**Data excerpt**
# # # #
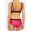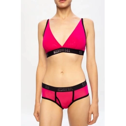 Różowy biustonosz marki Diesel. Ten model jest wykończony regulowanymi ramiączkami i elastycznym pasem ozdobionym logo inkrustowanym srebrną i lureksową przędzą.
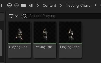 To achieve this, I needed to ensure that the player could maintain the praying position for as long as desired. To accomplish this, I divided the animation into three segments: the beginning of the prayer, the idle prayer position, and the conclusion of the prayer. Each of these animations was exported into Unreal Engine, as we learned in our previous class.
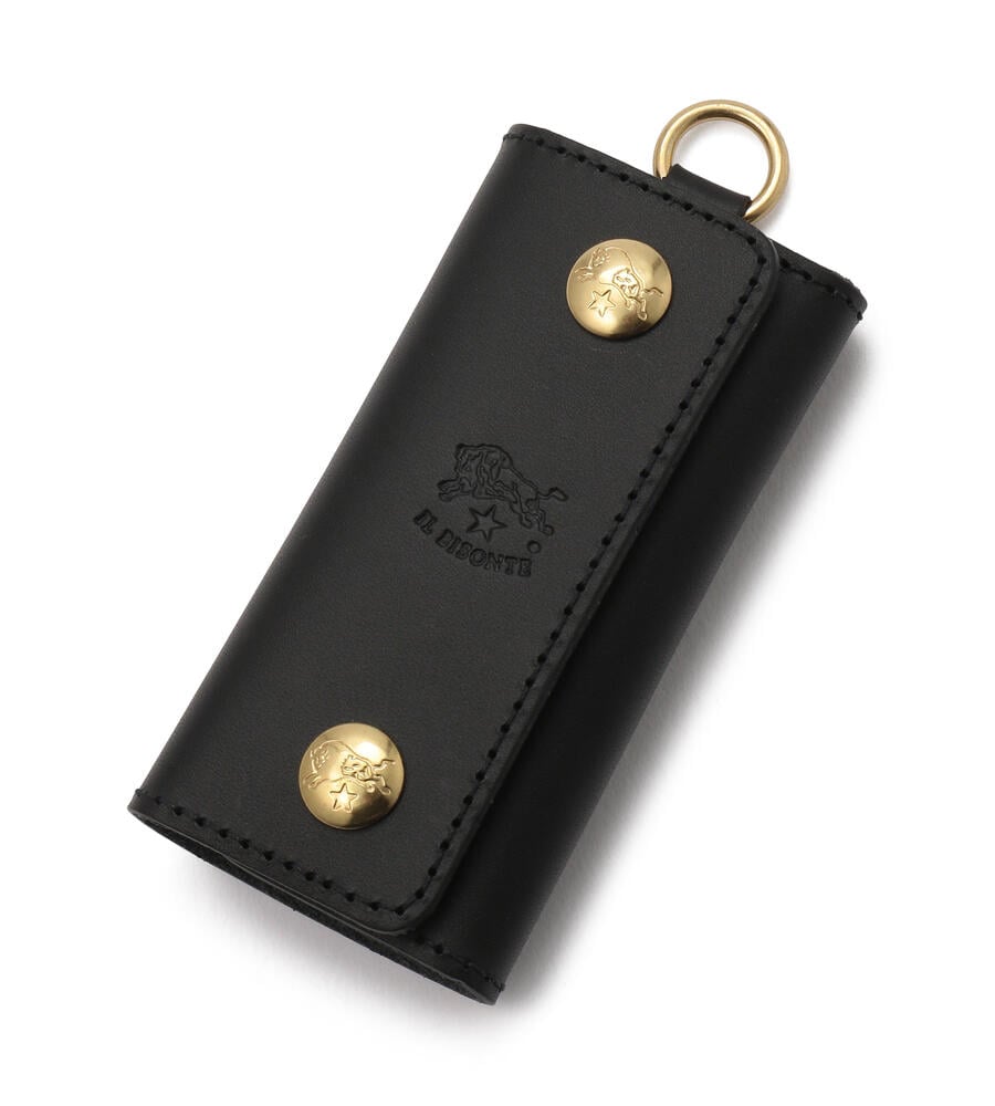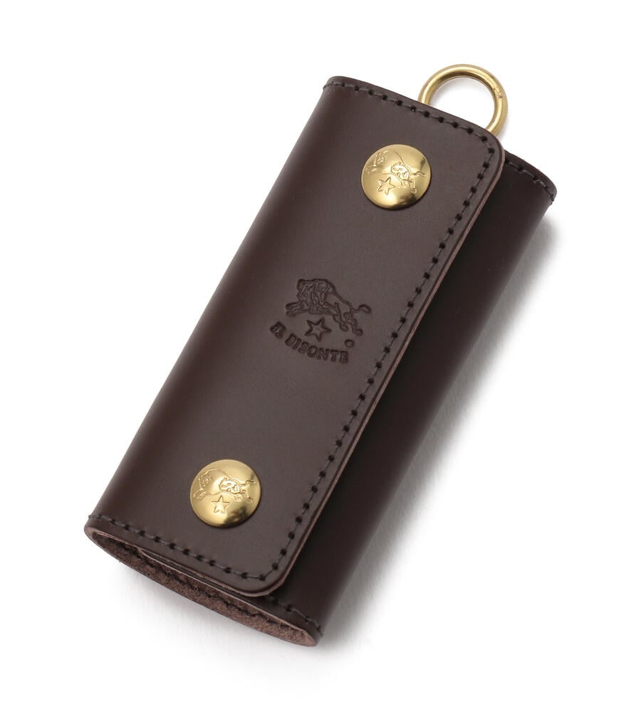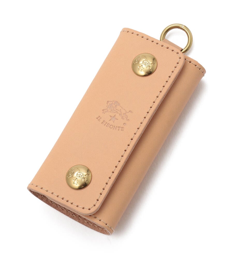 キーケースは、ブランドロゴがポイントのシンプルなデザイン。ボタン留めで包むタイプで、鍵や周りの物を保護します。フックは4つ備え、カギの装着はとても簡単です。バイソンロゴ刺繍がワンポイントのミニタオルは、デイリー使いに最適でコンパクトに畳めるのでポケットの中でも嵩張りません。
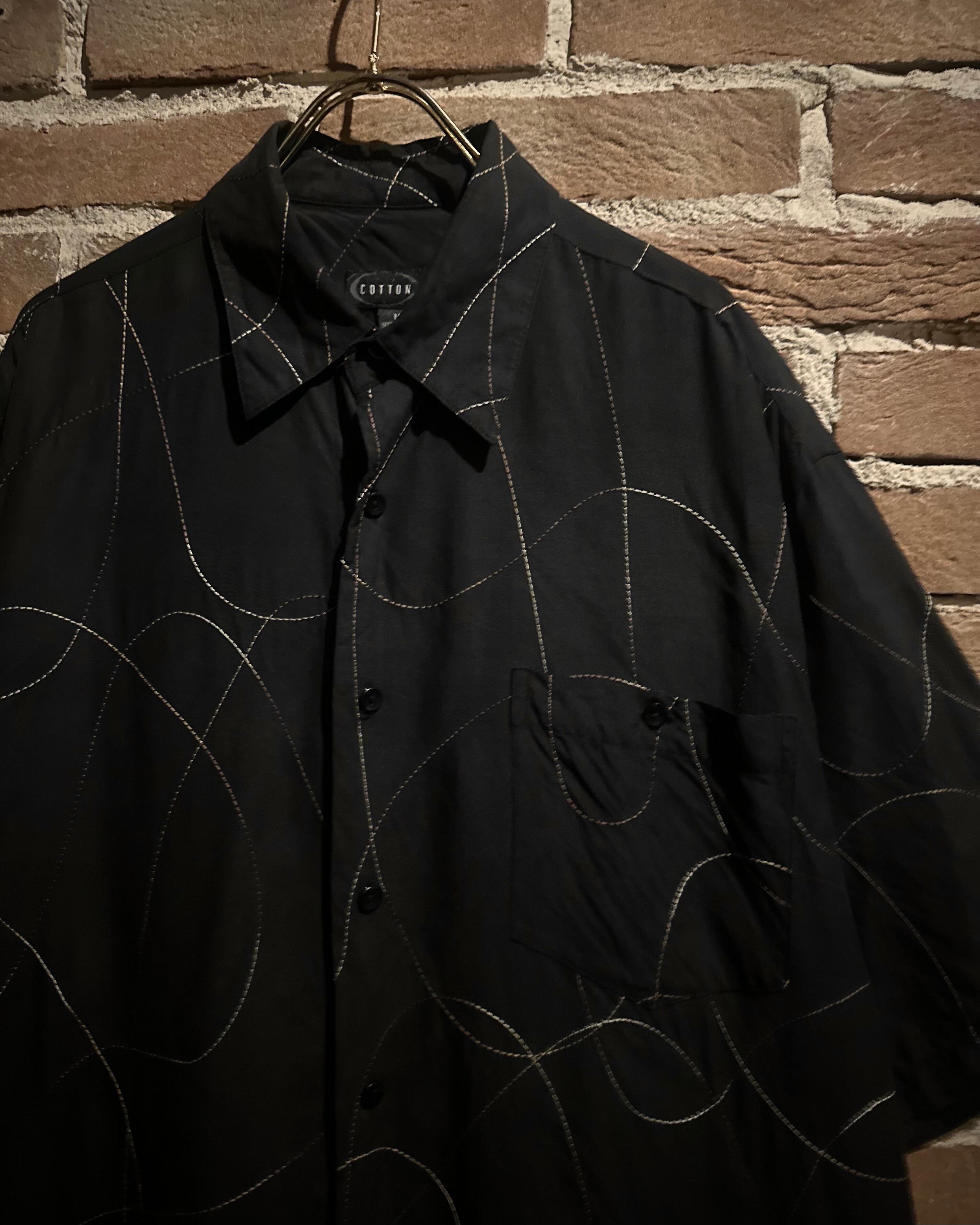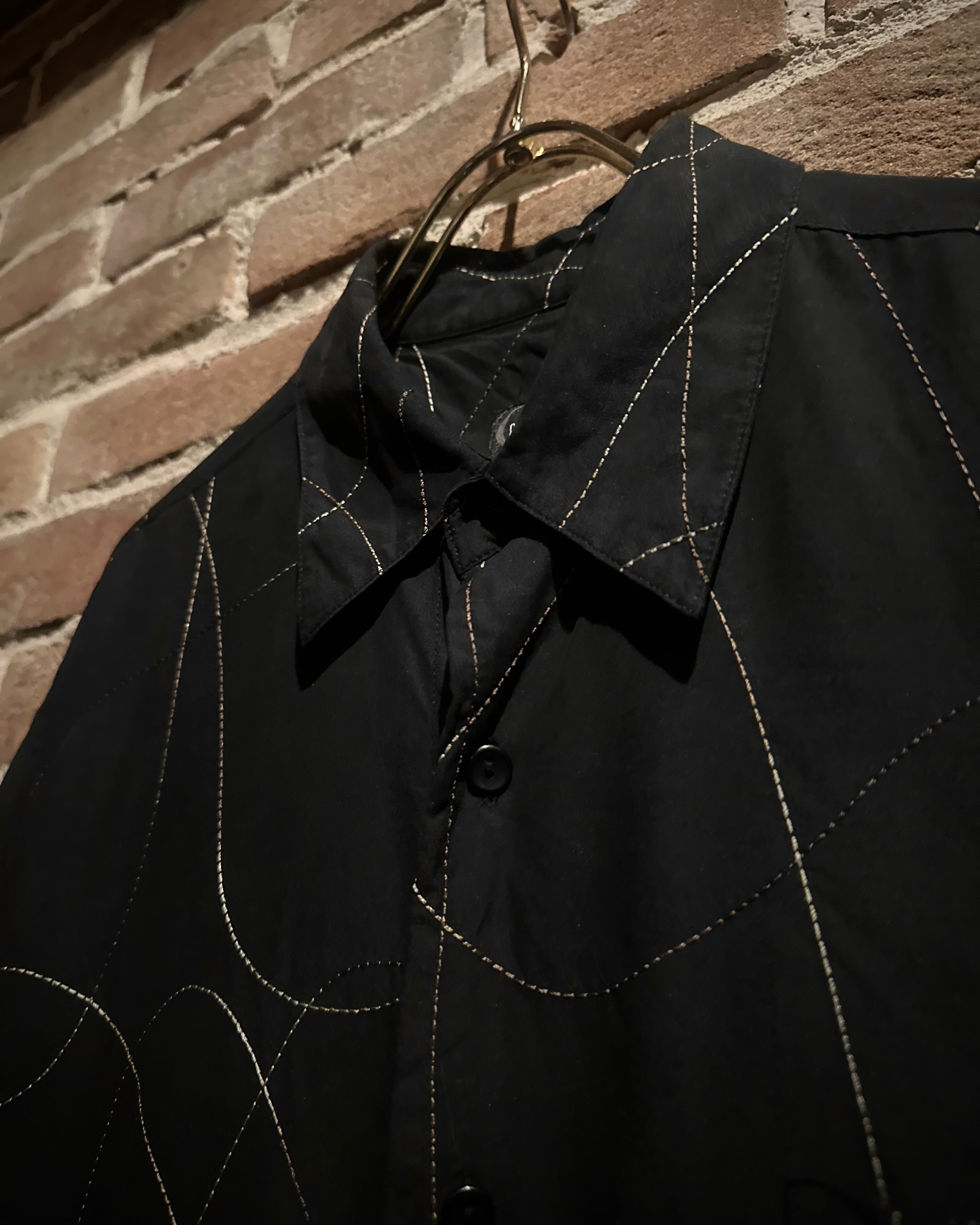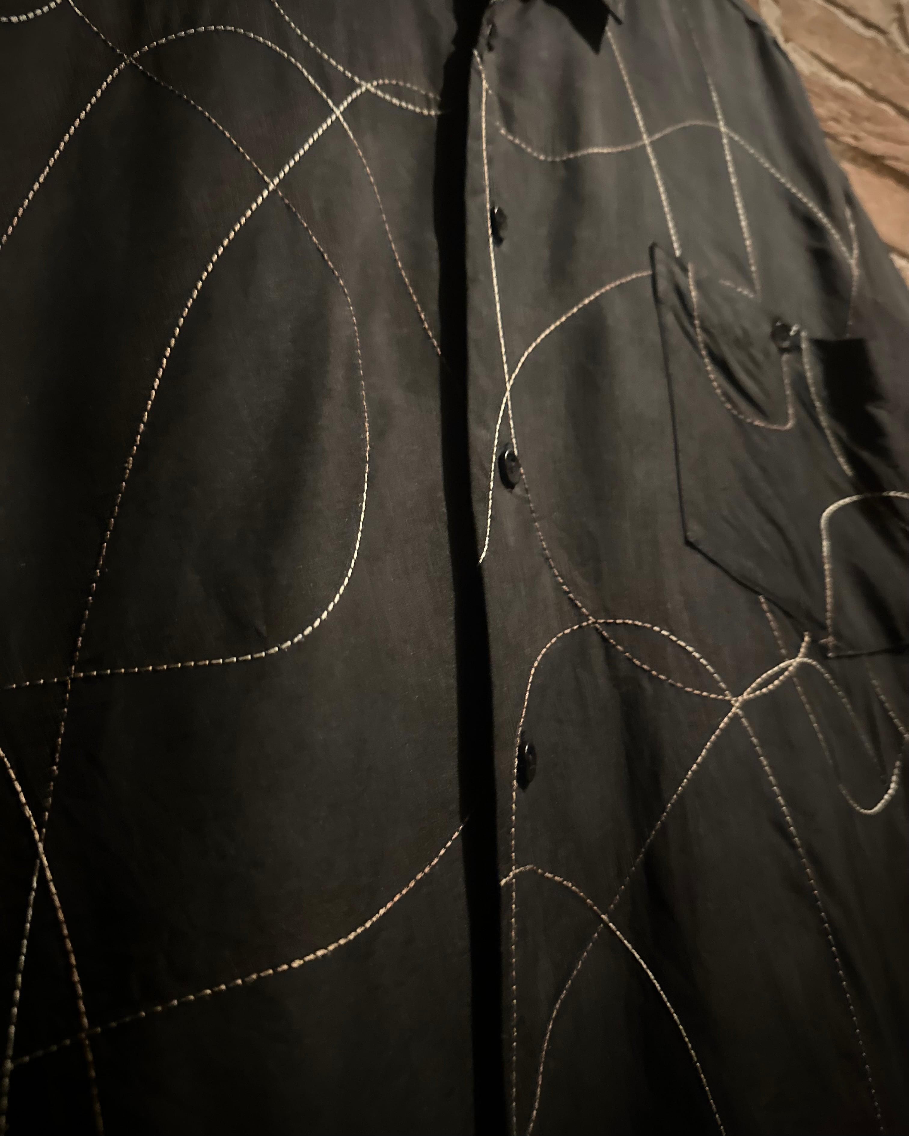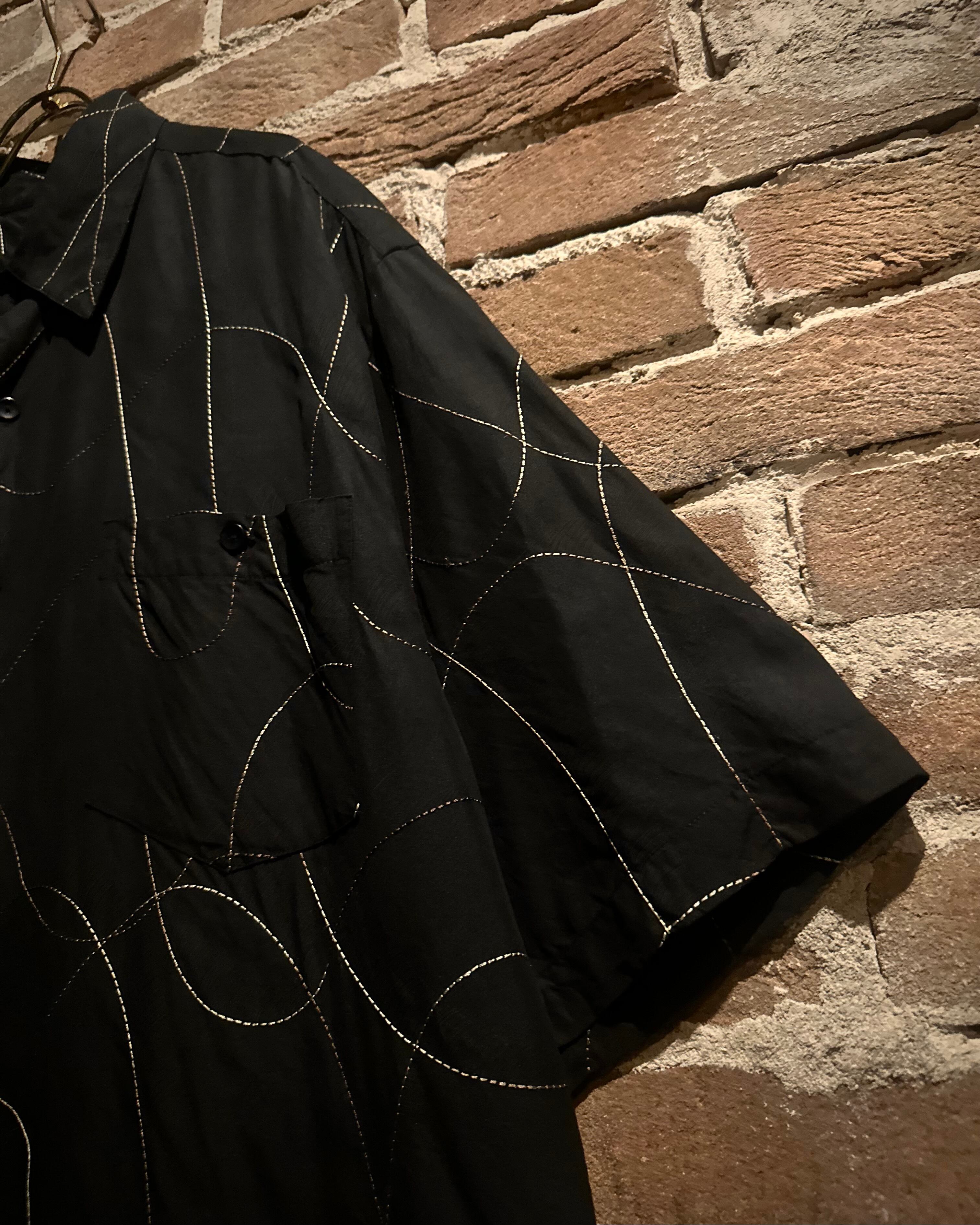 ブラックのボディをベースに、ステッチでラインのデザインを載せた半袖シャツ。
# # # #
**Prompt**
Every line of the data above is to be set down exactly; the pictures are not.

**Written solution**
 Różowy biustonosz marki Diesel. Ten model jest wykończony regulowanymi ramiączkami i elastycznym pasem ozdobionym logo inkrustowanym srebrną i lureksową przędzą.
 To achieve this, I needed to ensure that the player could maintain the praying position for as long as desired. To accomplish this, I divided the animation into three segments: the beginning of the prayer, the idle prayer position, and the conclusion of the prayer. Each of these animations was exported into Unreal Engine, as we learned in our previous class.
 キーケースは、ブランドロゴがポイントのシンプルなデザイン。ボタン留めで包むタイプで、鍵や周りの物を保護します。フックは4つ備え、カギの装着はとても簡単です。バイソンロゴ刺繍がワンポイントのミニタオルは、デイリー使いに最適でコンパクトに畳めるのでポケットの中でも嵩張りません。
 ブラックのボディをベースに、ステッチでラインのデザインを載せた半袖シャツ。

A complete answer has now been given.